I tried the new GPT-NeoX repository for the first time, and got it to train a model for a while. This is a report of the installation process I used once I had it working. I dunno, maybe this will be helpful to someone else. I didn't try using the deepspeed docker image.
For this test I used a GCE VM. The CPU/GPU settings were as follows:
The boot disk settings were as follows:
I also made sure the network settings allowed me to SSH to the VM from the outside.
By the way, on GCE, I can check my quota for GPUs with the following command line:
gcloud compute regions describe us-east1 --flatten 'quotas[]' --format 'table(quotas.metric,quotas.limit,quotas.usage)' | grep GPU
I logged into the VM via SSH. For the first login, I needed to use the command line, since on first login the VM asks the user to confirm installation of the NVIDIA drivers. But after that, I like to use the SSH remoting feature of VS Code, which involves the following steps:
- In a terminal, I ran
gcloud compute ssh
INSTANCE-NAME--dry-run
and copied the SSH command that it printed:
- In VS Code, I installed the Remote-SSH extension. In the Remote Explorer tab of the sidebar, I picked "SSH Targets" from the dropdown. I pressed the plus sign to add a new Remote-SSH connection, and pasted in the SSH command I copied out of the terminal. VS Code automatically set up port forwarding and installed itself on the remote side. It will start you off with just a terminal, but once you have checked out the git repository on the VM, you can select the explorer in the sidebar and open the repository as a remote directory.
Upon first login, the VM will confirm that you want NVIDIA drivers installed. I chose to do so.
The boot disk of my VM came with Python 3.7.x preinstalled. This seemed satisfactory, so I did not install a newer version. (And although gpt-neox currently references Tensorflow 2.x, if I should want to use Tensorflow 1.x at some point, it is apparently only compatible with Python 3.7.x and earlier.)
The Triton component is indirectly referenced in the Python requirements, and it requires the LLVM development package to be installed. After trying various versions of LLVM, it seems that only version 9 works successfully. This package is apparently not available from the default Debian package repository. To install it from the LLVM download site, follow the following steps:
-
curl https://apt.llvm.org/llvm.sh > /tmp/llvm.sh
-
chmod +x /tmp/llvm.sh
-
sudo /tmp/llvm.sh 9
This installation step generated some errors concerning ldconfig finding some NVIDIA libraries installed directly rather than via symbolic links. I assume this is because the NVIDIA driver installer does not follow some convention assumed by ldconfig. I presume these errors are harmless.

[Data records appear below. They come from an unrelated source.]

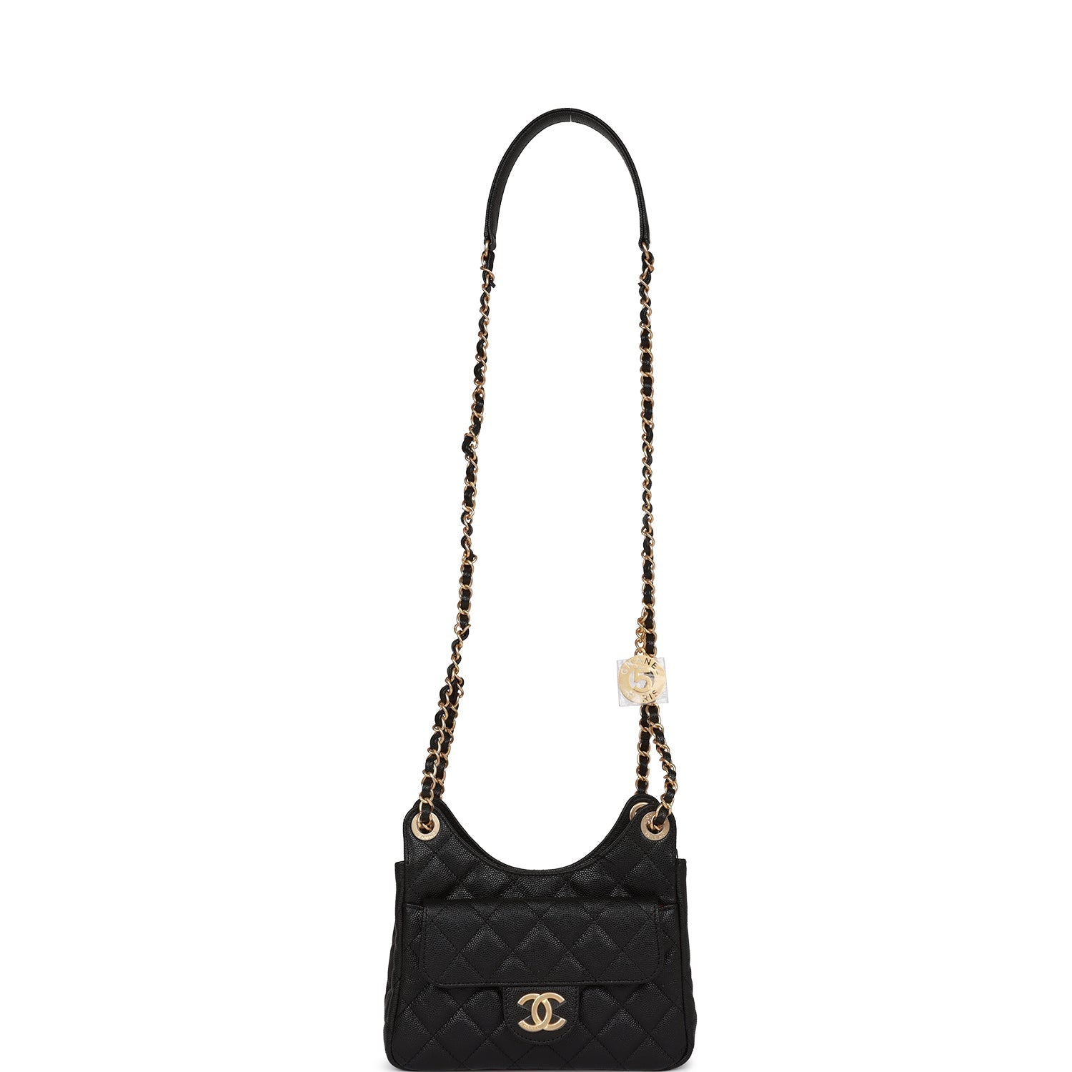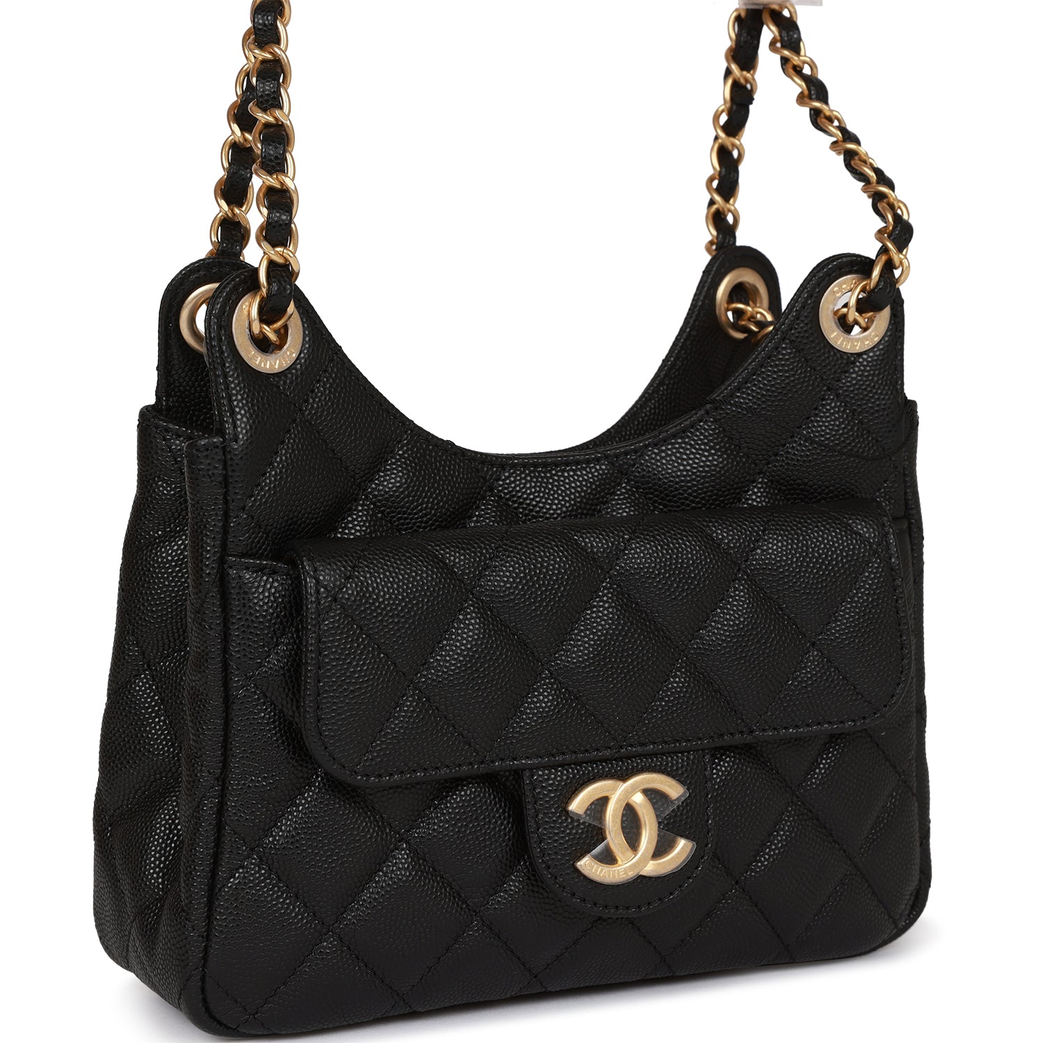Chanel Small Hobo Bag Black Caviar Antique Gold Hardware
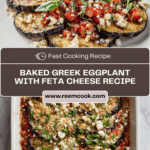 Keywords: Melitzanes Me Feta, Greek baked eggplant, feta cheese recipe, vegetarian Greek recipe, eggplant side dish, summer vegetable bake
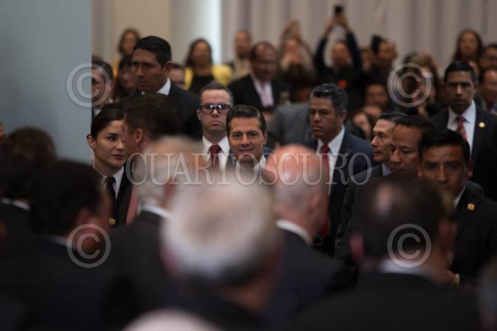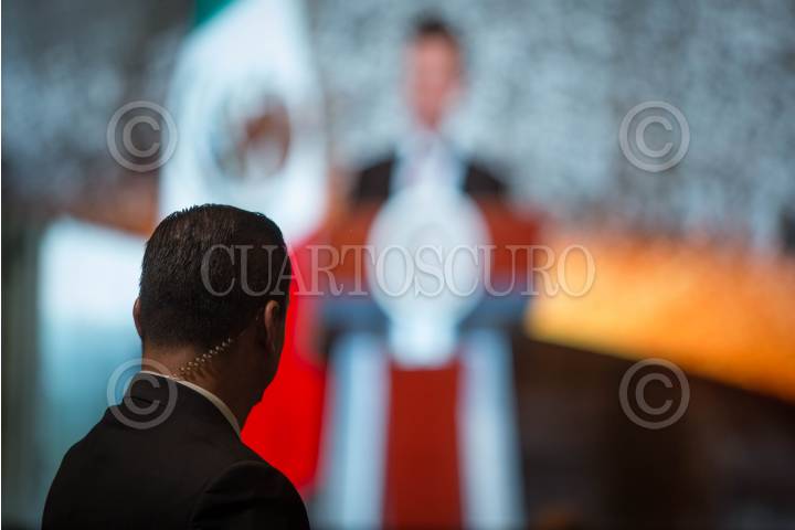 CIUDAD DE MÉXICO, 13NOVIEMBRE2018.- El presidente de la República Mexicana, Enrique Peña Nieto encabezó la presentación de los resultados del sector de economía y generación de empleos en su sexenio, inaugurando también la nueva Torre Ejecutiva de la Secretaría de Economía, fue acompañado por el secretario de economía Ildefonso Guajardo Villarreal y el secretario de Trabajo y Prevención Social Roberto Rafael Campa Ciprián. En la imagen un elemento del Estado Mayor Presidencial observa el discurso del ejecutivo, este órgano técnico militar está próximo a desaparecer pues el próximo presidente no lo requerirá. FOTO: ILSE HUESCA /CUARTOSCURO.COM
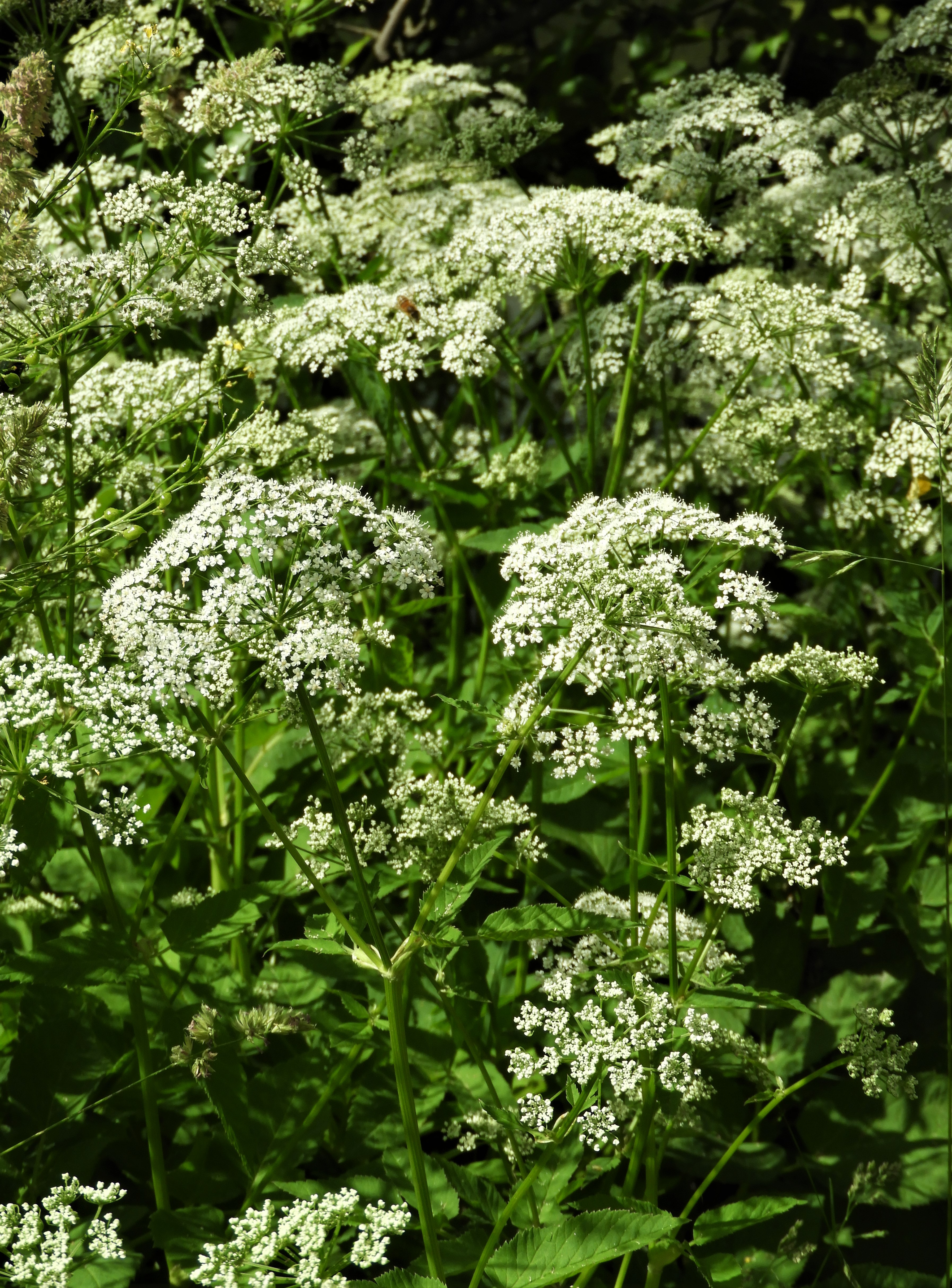 Kirskål i blom, kommun-gräsklipparen har till och med sparat flera fält med blommande kirskål utmed ån, de är som en böljande vit-grön spetsduk.
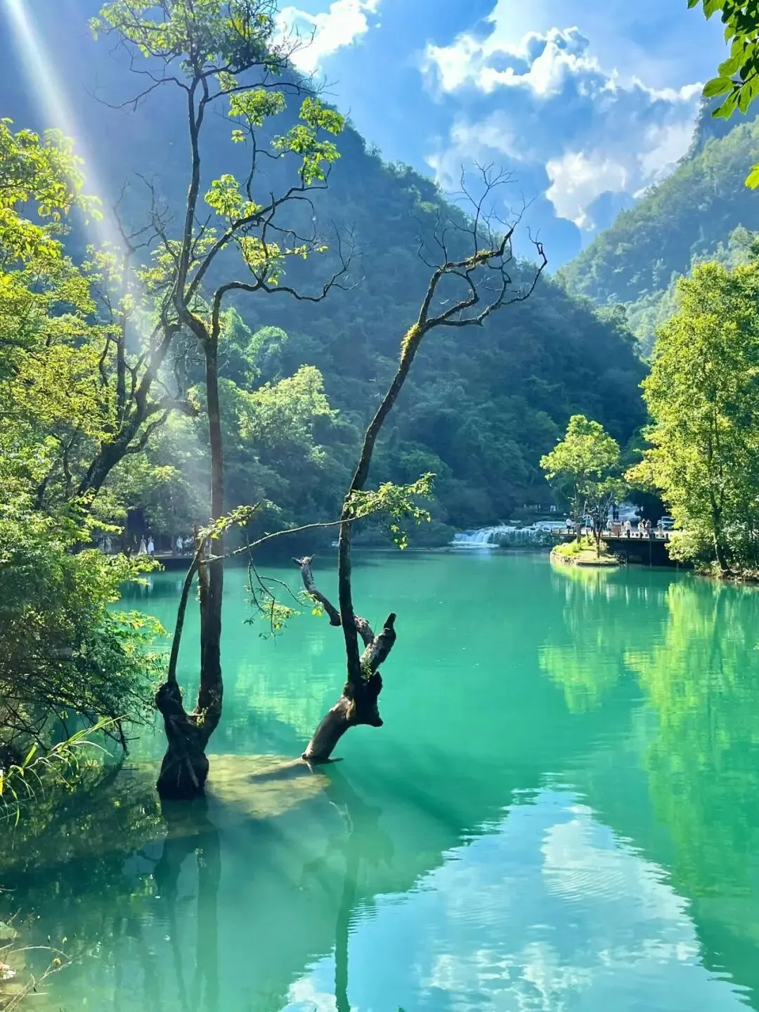 第二天:🍀游【荔波小七孔】,漫步小七孔古桥,看68级跌水瀑布倾泻而下,在鸳鸯湖乘舟穿行于水上森林,感受“天然氧吧”的清新。

Next, I cloned the GPT-NeoX repository from Github:
-
git clone https://github.com/eleutherai/gpt-neox
-
cd gpt-neox
Then I created a Python virtual environment. This keeps the installed Python libraries local to the repository working directory rather than polluting the global Python installation of the VM. It also makes it easy to cleanly remove and reinstall the python libraries if something seems to be wrong. To create the virtual environment, I ran the following commands:
-
python -m venv .env
-
source .env/bin/activate
-
grep -q ^.env/ .gitignore || echo .env/ >> .gitignore
Next, I installed VS Code's Python support on the VM, by switching to the Extensions tab of the sidebar, and pressing the 'Install in SSH' button next to the Python extension.
At this point, VS Code recognized that a Python virtual environment was present in the working directory (possibly I had to open a Python source file first), and started up its Python support using the virtual environment's Python interpreter. This should make VS Code's Python code navigation and linting functionality work properly. It is also helpful to add the following line to VS Code's settings on the remote side, to prevent it from exhausting the Linux kernel's limit on the number of files that can be watched (because the .env
directory hierarchy will end up having so many files in it).
Next, I installed the Python requirements. I found that I had to install pytorch separately first, or the triton installation would fail. Possibly triton is not packaged for Python particularly well.
-
pip install 'torch>=1.6'
-
pip install -r requirements.txt
I started a training run using the example command from the repository readme:
deepspeed train_enwik8.py --deepspeed --deepspeed_config ./configs/base_deepspeed.json
This started printing a bunch of progress information into the terminal.
In a second terminal, I started tensorboard with:
tensorboard --logdir logs
The VS Code remoting support detected that port 6006 was now listened to on the remote side, and offered to forward it through the SSH connection for me and open that page in my browser, which I did. I saw the progress of the training (but for some reason it only showed the training set loss, not the validation set loss, even though validation loss was being printed in my terminal).
One interesting observation was the following message printed to the terminal. I don't know what it means.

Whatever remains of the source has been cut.